I am facing intermittent vsan health check failure with esxi 6.5. we have 3 nodes on cluster and L2 connectivity between them with lag vsan vmk are not able to reach each other intermittently. We can see vmkping between them. Can someone help me on this
Specifically which Health alert is being triggered? (This one perhaps? kb.vmware.com/kb/2108011)
Are specific nodes to nodes triggering the alarm consistently or is it all nodes?(drill-down of the Alert should note these)
Is this a stretched-cluster?
Is this intermittant and is it causing a proper cluster partition (VMs become inaccessible/go down)?
If it is the alert in the kb article above then follow the steps to do the recommended checks.
Okay, just to clarify - Is one host not able to reach just one other host when this occurs or is one host not able to communicate with any other hosts?
If just one host to another single host, is it always the same host-host connection?

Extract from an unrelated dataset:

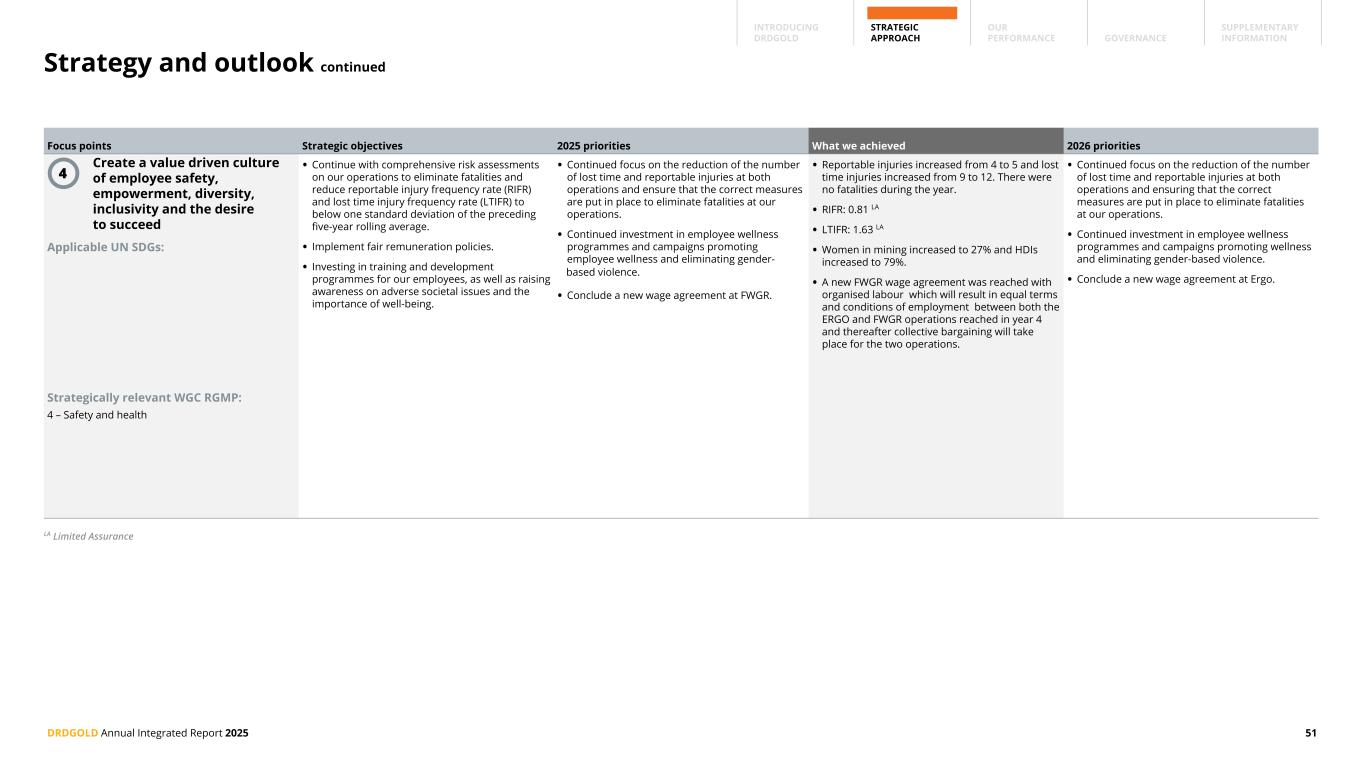 Focus points Strategic objectives 2025 priorities What we achieved 2026 priorities Create a value driven culture of employee safety, empowerment, diversity, inclusivity and the desire to succeed Applicable UN SDGs: Strategically relevant WGC RGMP: 4 – Safety and health • Continue with comprehensive risk assessments on our operations to eliminate fatalities and reduce reportable injury frequency rate (RIFR) and lost time injury frequency rate (LTIFR) to below one standard deviation of the preceding five-year rolling average. • Implement fair remuneration policies. • Investing in training and development programmes for our employees, as well as raising awareness on adverse societal issues and the importance of well-being. • Continued focus on the reduction of the number of lost time and reportable injuries at both operations and ensure that the correct measures are put in place to eliminate fatalities at our operations. • Continued investment in employee wellness programmes and campaigns promoting employee wellness and eliminating gender- based violence. • Conclude a new wage agreement at FWGR. • Reportable injuries increased from 4 to 5 and lost time injuries increased from 9 to 12. There were no fatalities during the year. • RIFR: 0.81 LA • LTIFR: 1.63 LA • Women in mining increased to 27% and HDIs increased to 79%. • A new FWGR wage agreement was reached with organised labour which will result in equal terms and conditions of employment between both the ERGO and FWGR operations reached in year 4 and thereafter collective bargaining will take place for the two operations. • Continued focus on the reduction of the number of lost time and reportable injuries at both operations and ensuring that the correct measures are put in place to eliminate fatalities at our operations. • Continued investment in employee wellness programmes and campaigns promoting wellness and eliminating gender-based violence. • Conclude a new wage agreement at Ergo. LA Limited Assurance INTRODUCING DRDGOLD STRATEGIC APPROACH OUR PERFORMANCE GOVERNANCE SUPPLEMENTARY INFORMATION Strategy and outlook continued DRDGOLD Annual Integrated Report 2025 51 4

If it is just one host that cannot communicate with all the others then check the NIC stats on this host using nicinfo.sh (/usr/lib/vmware/vmware-support/bin/nicinfo.sh) and/or esxcli network stats get, look on the switch for any errors on the associated port if you know what you are looking at.
Either way I would advise taking a closer look at your network configuration for vSAN on the affected host(s) and ensure best practices have been applied and nothing misconfigured.
Its not host specific, the issue occurring with all host in the cluster randomly. Please note the there is no issue with management, issue with vsan/motion vmkernel ports.
3 nodes with 10G.
LAG with src/dst ip tcp/udp ports load balancing
LAD as primary uplink for the dedicated port group.
Single VMK private ip on each host .
This is the setup with us